### [Description of the task]
The whole listing should be retyped word for word, apart from the pictures it holds.

── Information supplied ──

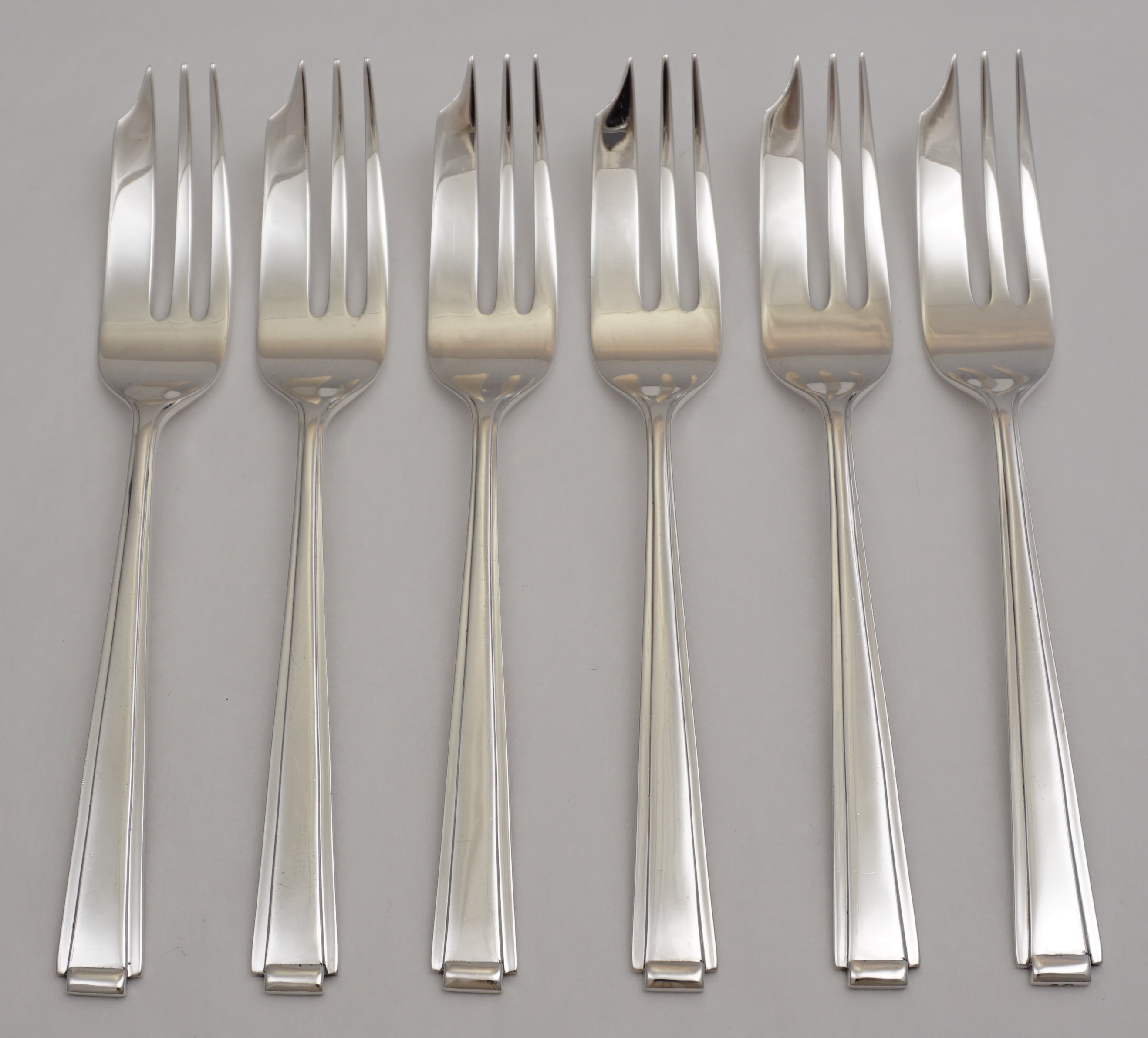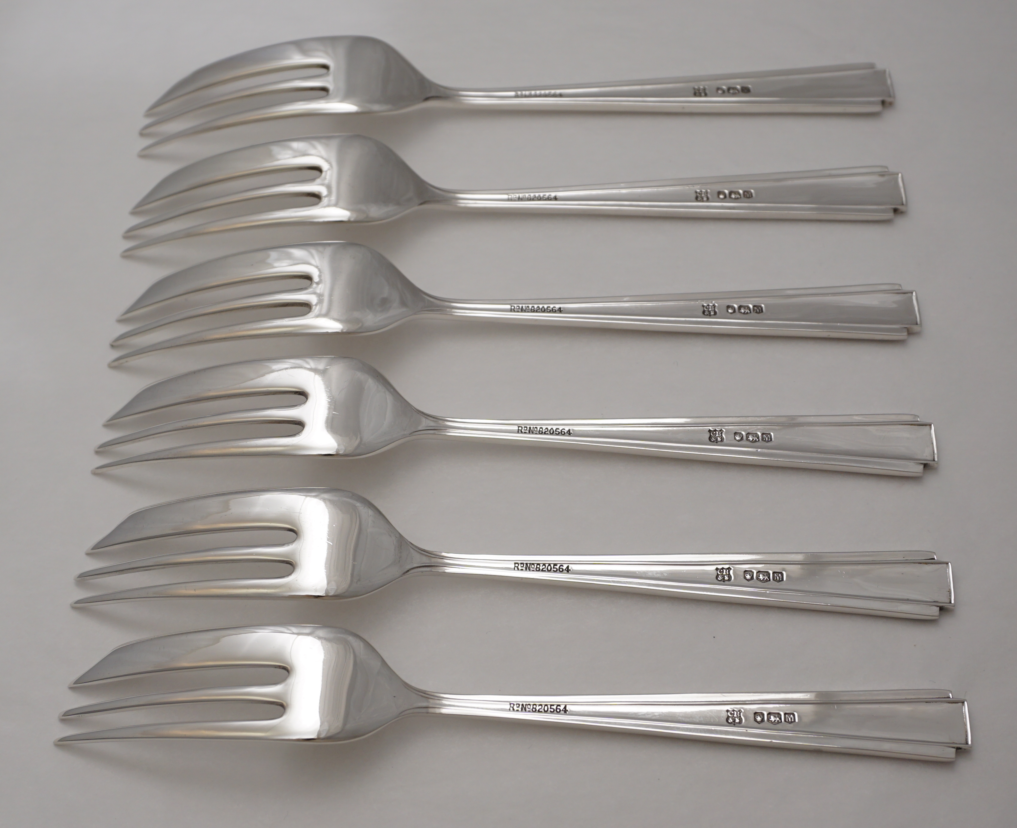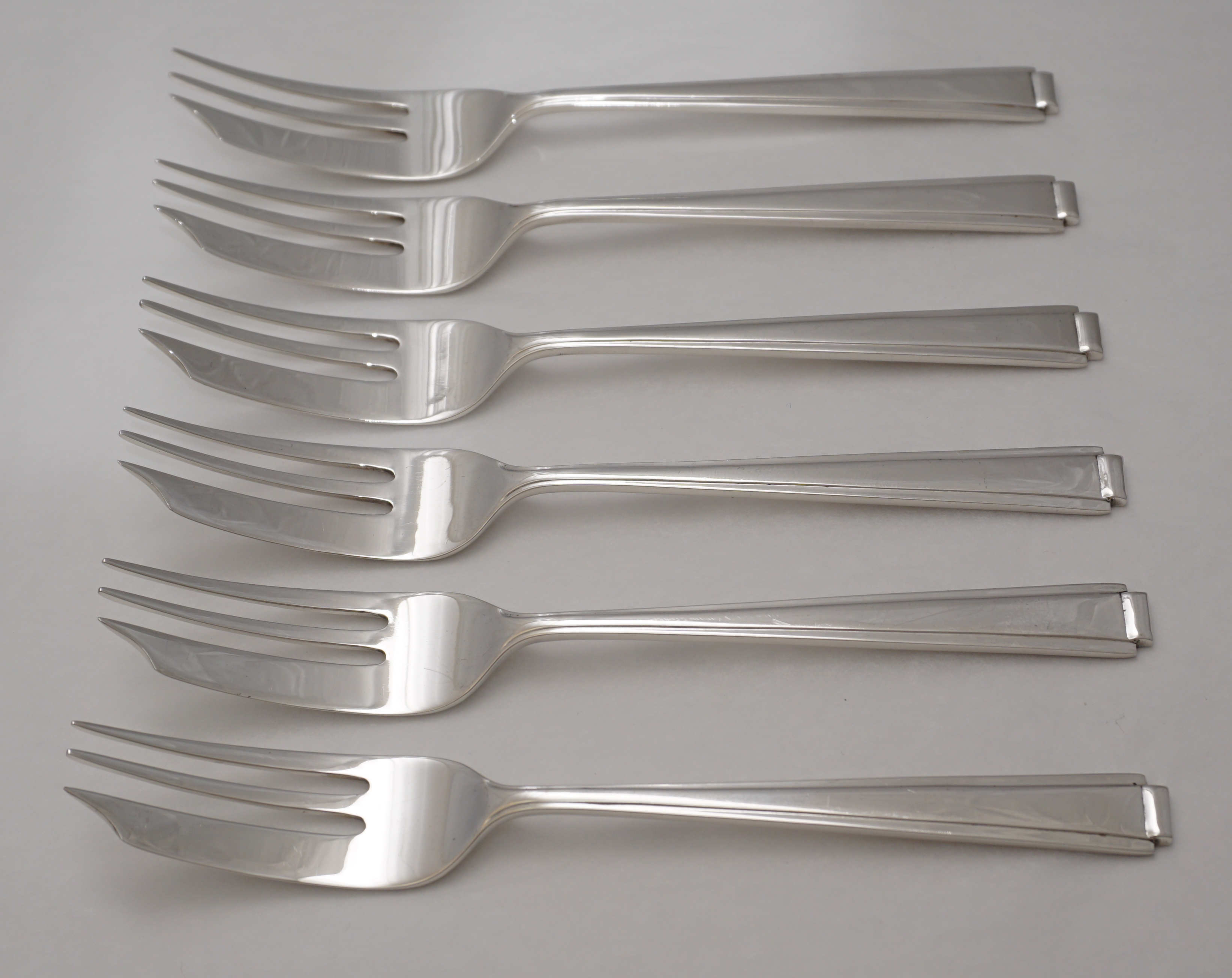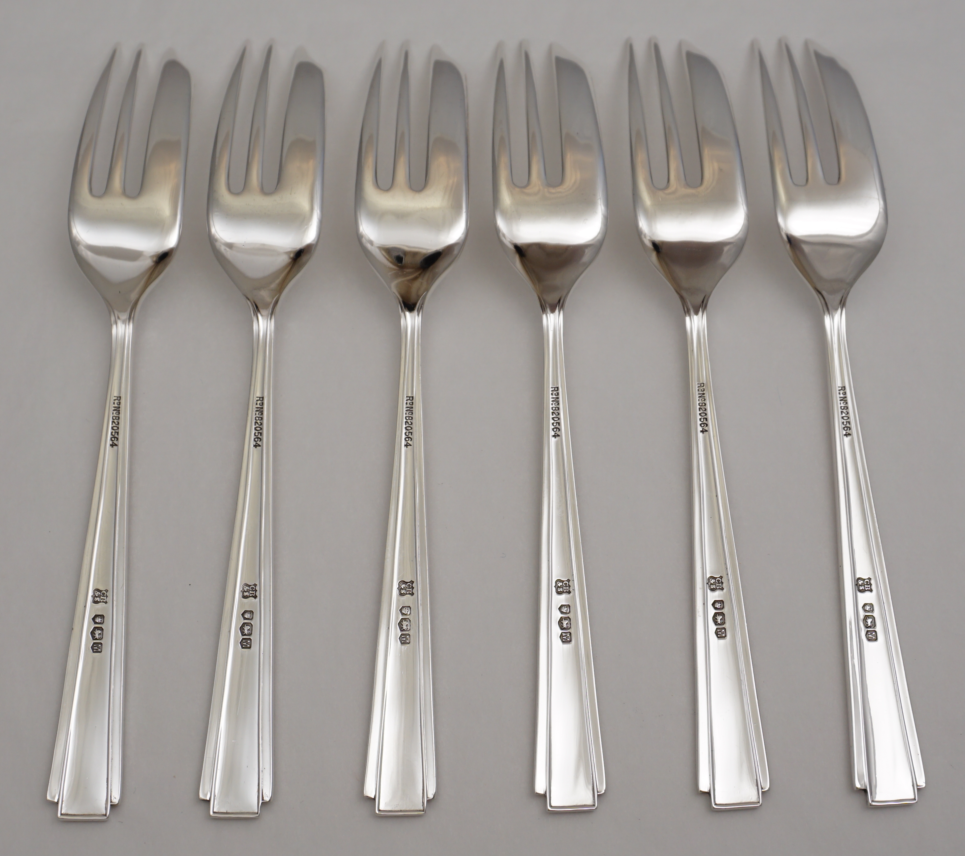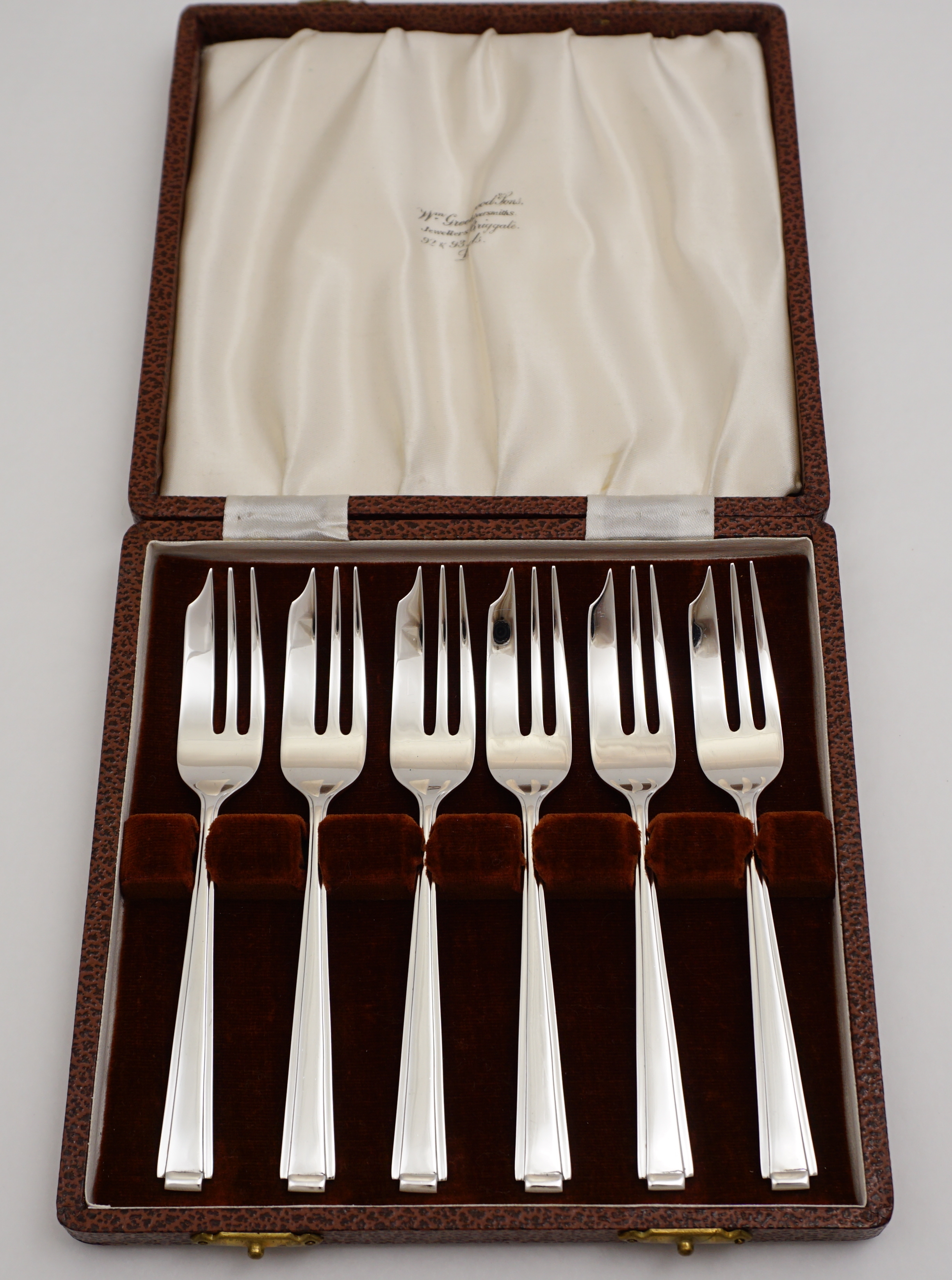 DESCRIPTION | Very good and cased set of six vintage Art Deco English solid sterling silver cake forks. |
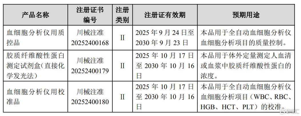 | 产品名称 | 注册证书 编号 | 注册 类别 | 注册证有效期 | 预期用途 | | --- | --- | --- | --- | --- | | 血细胞分析仪用质 | 川械注准 | II | 2025年9月24日至 | 本品用于全自动血细胞分析仪 | | 控品 | 20252400168 | | 2030年9月23日 | 血细胞分析项目的质量控制。 | | 胶质纤维酸性蛋白 | 川械注准 | II | 2025 年 10月 17 日 至 2030年 10月 16 | 本品用于体外定量测定人血清 | | 测定试剂盒(直接化 | 20252400179 | | | 或血浆中胶质纤维酸性蛋白的 | | 学发光法) | | | 日 | 浓度。 | | 血细胞分析仪用校 | 川械注准 | II | 2025 年 10月 17日 至 2030年 10月 16 | 本品用于全自动血细胞分析仪 血细胞分析项目(WBC、RBC、 | | 准品 | 20252400180 | | | | | | | | 日 | HGB、HCT、PLT)的校准。 | 格隆汇10月21日丨迈克生物(300463.SZ)公布,近日收到四川省药 ...
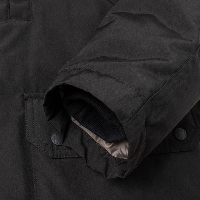 表素材は、軽量でありながら、肉厚感もあり高級感のあるポリエステル×コットンの高密度織物を採用し、裏素材はダウンの暖かさを肌に感じさせる高密度ポリエステルを採用。袖口内には、冷気をシャットアウトするリブが内蔵されています。
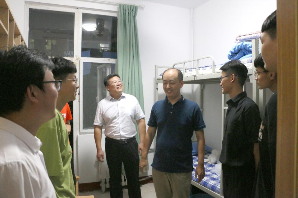 党委副书记徐正伟、副院长赵可云及各位辅导员老师来到宿舍看望新生。院领导们与新生亲切交谈,详细询问了我院新生报到情况,就新生姓名、家庭住址、对于宿舍适应情况等方面进行了了解,表现出了学院对新生们的关怀。
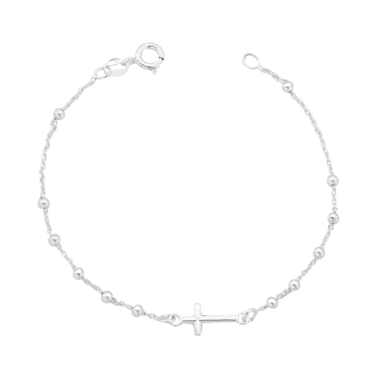 Pulseira Feminina Cruz Com Bolinhas Prata 925 Legítima
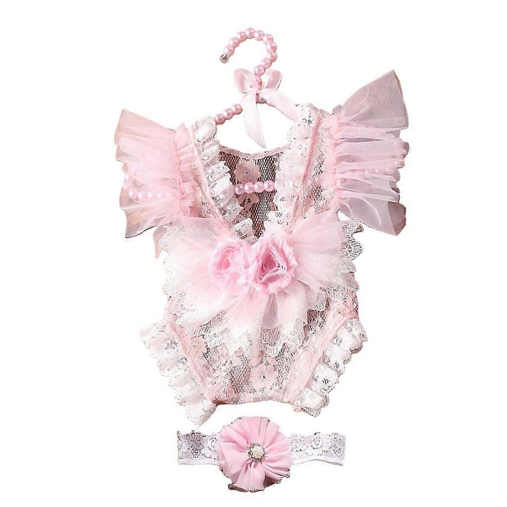 Baby Photo Clothing Short Jumpsuit & Flower Headdress Set Newborn Photo Romper Infant Party Wear Photo Pose Accessories
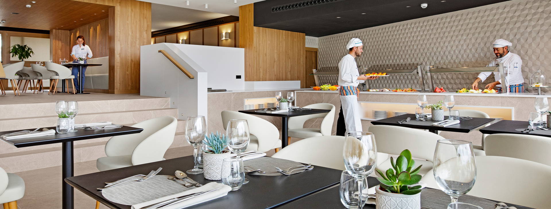 Sa raňajky sa podávajú formou pestrého bufetu. Za príplatok možnosť polpenzie (raňajky a večera), možnosť polpenzie deluxe (raňajky a večera v reštaurácii Adagio, prípadne raňajky a večera a la carte v reštaurácii Mirablau) alebo možnosť plnej penzie (raňajky a večera v reštaurácii Adagio, prípadne raňajky a večera v reštaurácii Mirablau, plus obed v reštaurácii Mirablau).
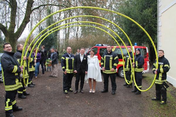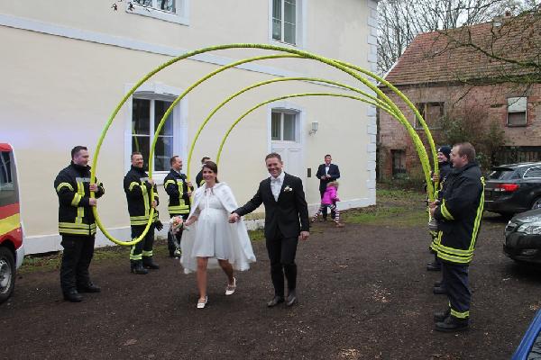 Mit einem Tunnel aus Schläuchen wurde das Brautpaar von den Kameraden und Kameradinnen empfangen und die besten Glückwünsche aller Mitglieder mit einem kleinen Präsent überbracht.

───

### [Answer box]
 DESCRIPTION | Very good and cased set of six vintage Art Deco English solid sterling silver cake forks. |
 | 产品名称 | 注册证书 编号 | 注册 类别 | 注册证有效期 | 预期用途 | | --- | --- | --- | --- | --- | | 血细胞分析仪用质 | 川械注准 | II | 2025年9月24日至 | 本品用于全自动血细胞分析仪 | | 控品 | 20252400168 | | 2030年9月23日 | 血细胞分析项目的质量控制。 | | 胶质纤维酸性蛋白 | 川械注准 | II | 2025 年 10月 17 日 至 2030年 10月 16 | 本品用于体外定量测定人血清 | | 测定试剂盒(直接化 | 20252400179 | | | 或血浆中胶质纤维酸性蛋白的 | | 学发光法) | | | 日 | 浓度。 | | 血细胞分析仪用校 | 川械注准 | II | 2025 年 10月 17日 至 2030年 10月 16 | 本品用于全自动血细胞分析仪 血细胞分析项目(WBC、RBC、 | | 准品 | 20252400180 | | | | | | | | 日 | HGB、HCT、PLT)的校准。 | 格隆汇10月21日丨迈克生物(300463.SZ)公布,近日收到四川省药 ...
 表素材は、軽量でありながら、肉厚感もあり高級感のあるポリエステル×コットンの高密度織物を採用し、裏素材はダウンの暖かさを肌に感じさせる高密度ポリエステルを採用。袖口内には、冷気をシャットアウトするリブが内蔵されています。
 党委副书记徐正伟、副院长赵可云及各位辅导员老师来到宿舍看望新生。院领导们与新生亲切交谈,详细询问了我院新生报到情况,就新生姓名、家庭住址、对于宿舍适应情况等方面进行了了解,表现出了学院对新生们的关怀。
 Pulseira Feminina Cruz Com Bolinhas Prata 925 Legítima
 Baby Photo Clothing Short Jumpsuit & Flower Headdress Set Newborn Photo Romper Infant Party Wear Photo Pose Accessories
 Sa raňajky sa podávajú formou pestrého bufetu. Za príplatok možnosť polpenzie (raňajky a večera), možnosť polpenzie deluxe (raňajky a večera v reštaurácii Adagio, prípadne raňajky a večera a la carte v reštaurácii Mirablau) alebo možnosť plnej penzie (raňajky a večera v reštaurácii Adagio, prípadne raňajky a večera v reštaurácii Mirablau, plus obed v reštaurácii Mirablau).
 Mit einem Tunnel aus Schläuchen wurde das Brautpaar von den Kameraden und Kameradinnen empfangen und die besten Glückwünsche aller Mitglieder mit einem kleinen Präsent überbracht.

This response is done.